[Opening GIVEN ENTRIES section]

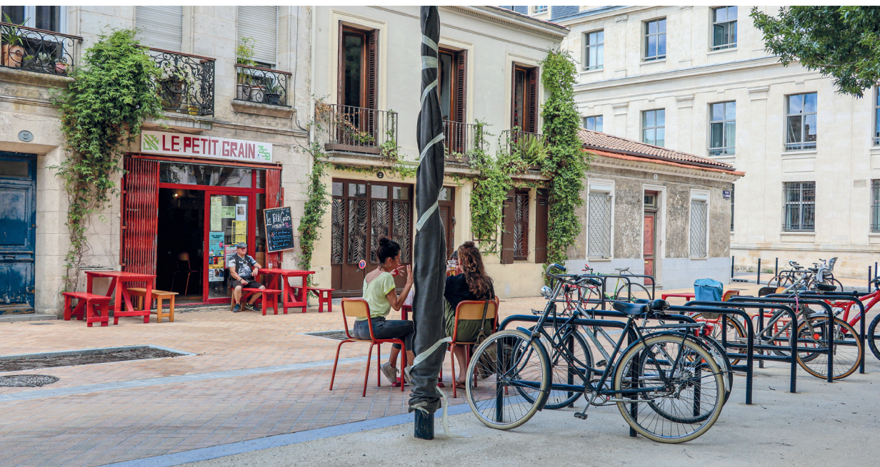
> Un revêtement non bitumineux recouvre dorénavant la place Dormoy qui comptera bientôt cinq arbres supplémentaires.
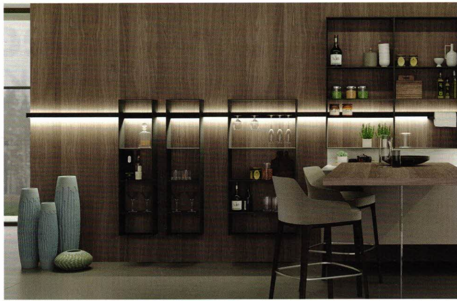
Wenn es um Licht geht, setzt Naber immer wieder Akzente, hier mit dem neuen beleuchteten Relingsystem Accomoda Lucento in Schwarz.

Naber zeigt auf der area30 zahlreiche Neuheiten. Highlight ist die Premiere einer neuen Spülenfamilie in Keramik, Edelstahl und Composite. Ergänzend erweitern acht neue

[Closing GIVEN ENTRIES section]
[Opening GIVEN ENTRIES section]

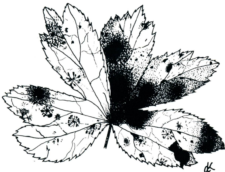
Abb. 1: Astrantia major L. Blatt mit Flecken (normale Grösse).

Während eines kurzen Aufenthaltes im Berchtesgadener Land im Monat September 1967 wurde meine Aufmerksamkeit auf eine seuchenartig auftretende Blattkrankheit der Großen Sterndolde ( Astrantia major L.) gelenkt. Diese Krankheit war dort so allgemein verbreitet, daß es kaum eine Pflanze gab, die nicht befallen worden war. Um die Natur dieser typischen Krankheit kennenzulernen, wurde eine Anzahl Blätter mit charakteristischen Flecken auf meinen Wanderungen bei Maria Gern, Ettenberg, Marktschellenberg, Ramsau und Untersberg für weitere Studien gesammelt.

[Closing GIVEN ENTRIES section]

• EXERCISE DIRECTIONS: Within the listing above, copy each line that has the string "neuen".

• PROBLEM SOLUTION:
Wenn es um Licht geht, setzt Naber immer wieder Akzente, hier mit dem neuen beleuchteten Relingsystem Accomoda Lucento in Schwarz.
Naber zeigt auf der area30 zahlreiche Neuheiten. Highlight ist die Premiere einer neuen Spülenfamilie in Keramik, Edelstahl und Composite. Ergänzend erweitern acht neue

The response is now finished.